Personal information
- Full name: Laurențiu Chițanu
- Date of birth: 1 September 2000 (age 24)
- Place of birth: Chișinău, Moldova
- Position(s): Striker

Team information
- Current team: Spartak (Varna)

Senior career*
- Years: Team / Apps / (Gls)
- 2018−2019: Marinhense B
- 2020: Scandicci
- 2021: Florești / 12 / (1)
- 2022–: Spartak (Varna) / 0 / (0)

= Laur Chițanu =

Moldovan footballer

Laurențiu Chițanu (born 1 September 2000) is a Moldovan footballer who plays as a striker for Spartak (Varna). Besides Moldova, he has played in Portugal, Italy, and Bulgaria.

==Career==

He started his career with Portuguese sixth tier side Marinhense B. Before the second half of 2019–20, he signed for Scandicci in the Italian fourth tier.

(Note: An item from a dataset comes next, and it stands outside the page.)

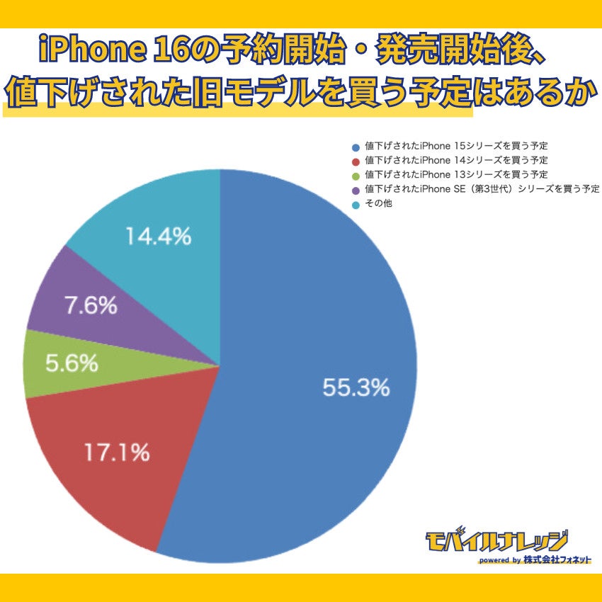 ・iPhone 16の予約開始や発売開始後、15シリーズを値下げ価格で買う予定の人は55.3%

In 2021, Chițanu signed for Moldovan club Florești, where he made 12 league appearances and scored 1 goal. On 8 August 2021, he debuted for Florești during a 1–4 loss to Milsami. On 6 November 2021, Chițanu scored his first goal for Florești during a 1–5 loss to Dinamo-Auto. Before the second half of 2021–22, he signed for Spartak (Varna) in Bulgaria after trialing for Spanish team Castellón.